Comment conjuguer une âme de petit garçon aux impératifs du monde adulte ?
Malin, Gondry axe son fil narratif sur la rencontre entre Stéphane et Stéphanie (Charlotte Gainsbourg), prenant la difficulté à se déclarer comme une parabole de la retenue à vivre dans le monde réel. L'idée, bien que peu innovante, laissait espérer de sa part un charme, une fable exquise qui aurait fait planer. Il est donc à la fois étrange et déconcertant de retrouver le ton sentimental et poétique de ses précédentes réalisations en y étant si vite noyé, le scénario lui-même semblant s'égarer.

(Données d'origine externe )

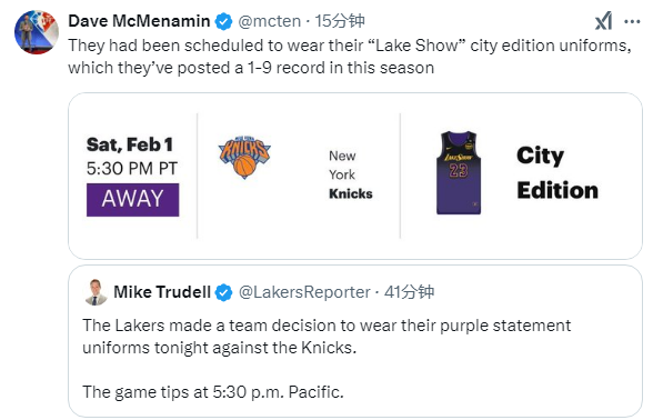 来源:JRS直播网02-02 17:29JRS直播网讯 北京时间2月2日,NBA常规赛湖人客场大战尼克斯,赛前湖人决定更换球衣,据湖人记者Dave McMenamin和Mike Trudell报道,湖人原计划身穿城市版球衣对阵尼克斯,但赛前湖人决定身穿紫色球衣,不穿“LakeShow”城市版球衣。

Gael Garcia Bernal, en premier lieu, paraît s'interroger, comme embarrassé par ce rôle de grand garçon flippé. De fait, on ne croît pas à son incapacité quasi-autiste à retrouver sa douce voisine de palier (Charlotte Gainsbourg, d'une patience d'ange), et surtout, on ne s'en amuse pas. Et puis on étouffe dans cet appartement : la chambre d'enfant est claustrophobique et il ne sortira rien de son kitschissime faux studio de télévision. Poussant au paroxysme les représentations de son imaginaire, Gondry nous y perd, nous y oublie, nous y fatigue, nous y dévore. Les expérimentations se court-circuitent, se saturent, les rythmes sont épuisants, et les visions trop baroques pour ne pas révéler un rapport carnassier à l'enfance, un long cauchemar, un règlement de comptes qui ne nous regarderait pas.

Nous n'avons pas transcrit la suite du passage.